Sales of corporate bonds in the U.S. are surging toward the busiest May ever as borrowers race to the market before demand dries up with Bill Gross and Warren Buffett cautioning against buying debt at all-time low yields.
Petroleo Brasileiro SA’s $11 billion deal, the biggest on record for an emerging markets issuer, leads sales this month of $120.2 billion, on pace to exceed the unprecedented $162.6 billion sold in May 2008, data compiled by Bloomberg show. Issuance has already eclipsed the $108.2 billion sold in all of May 2012.
Borrowers are accelerating sales as speculation mounts that yields may only rise amid signs the economy is improving. Three Federal Reserve regional bank presidents called last week for phasing out the central bank’s monthly purchases of $40 billion in mortgage-backed securities as the housing recovery shows signs of gaining momentum, potentially reducing demand for riskier assets from stocks to speculative-grade bonds.
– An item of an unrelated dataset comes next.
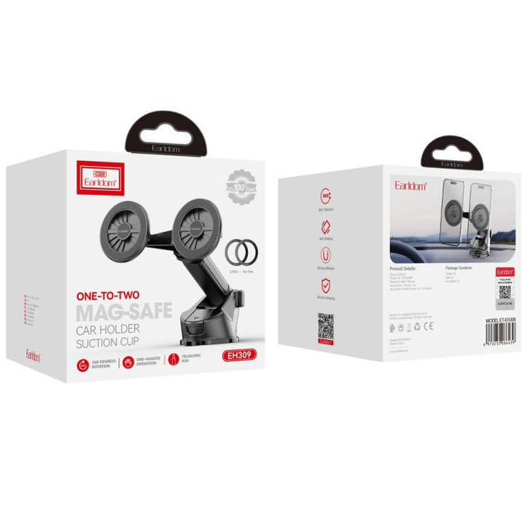 هولدر دوگانه داشبوردی ارلدام EH309 – پایه مغناطیسی 360 درجه برای دو گوشی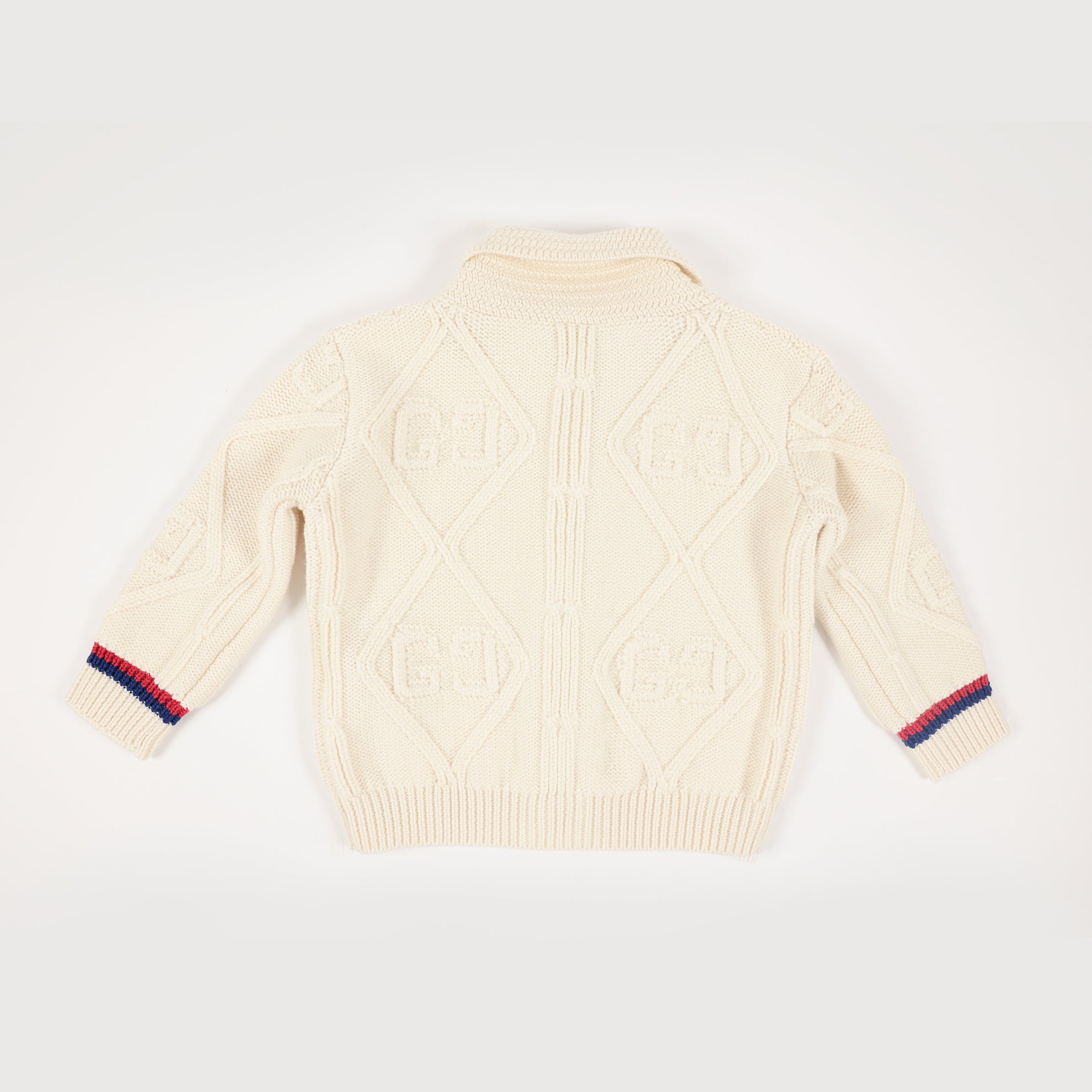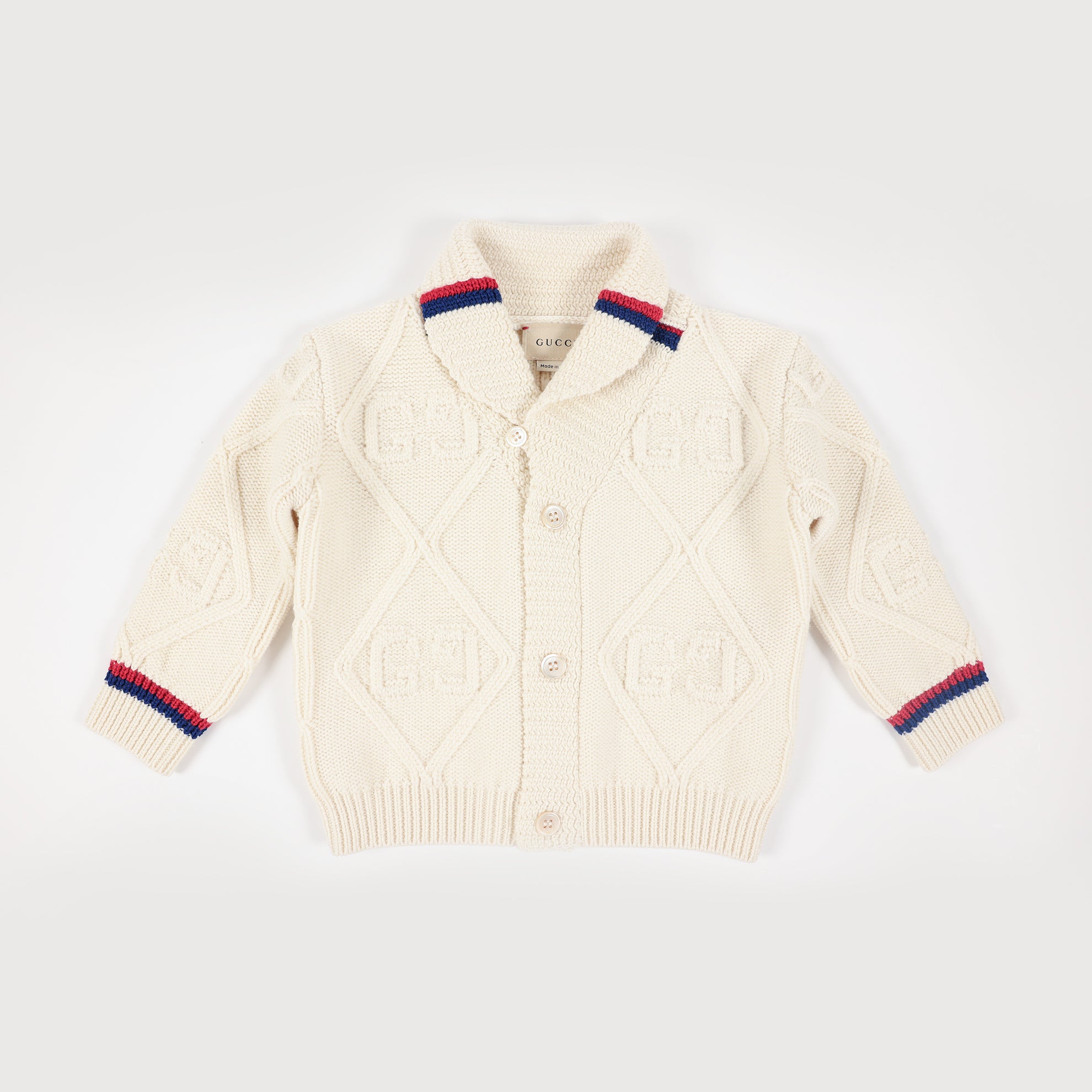 Entdecken Sie den stilvollen Gucci Kids Cardigan in klassischem Weiß mit auffälligen rot-blauen Akzenten. Perfekt für Babys geeignet, bietet er nicht nur Komfort sondern auch einen Hauch von Luxus. Kreieren Sie mit diesem Cardigan einen trendigen Look für Ihr Kind.

“Many issuers may decide it is not worth tempting that fate,” Edward Marrinan, a macro credit strategist at RBS Securities in Stamford, Connecticut, said in a telephone interview. The firm is one of the 21 primary dealers of U.S. government securities authorized to trade with the Fed.
Buffett, the billionaire chairman and chief executive officer of Omaha, Nebraska-based Berkshire Hathaway Inc., told Bloomberg Television this month that he felt “sorry” for fixed-income investors with yields on corporate bonds so low.
Yields fell to an unprecedented 3.35 percent on May 2 from more than 11 percent in 2008, according to the Bank of America Merrill Lynch U.S. Corporate & High Yield index. That represents interest savings of about $76.5 million a year on every $1 billion borrowed. Yields ended last week at 3.465 percent.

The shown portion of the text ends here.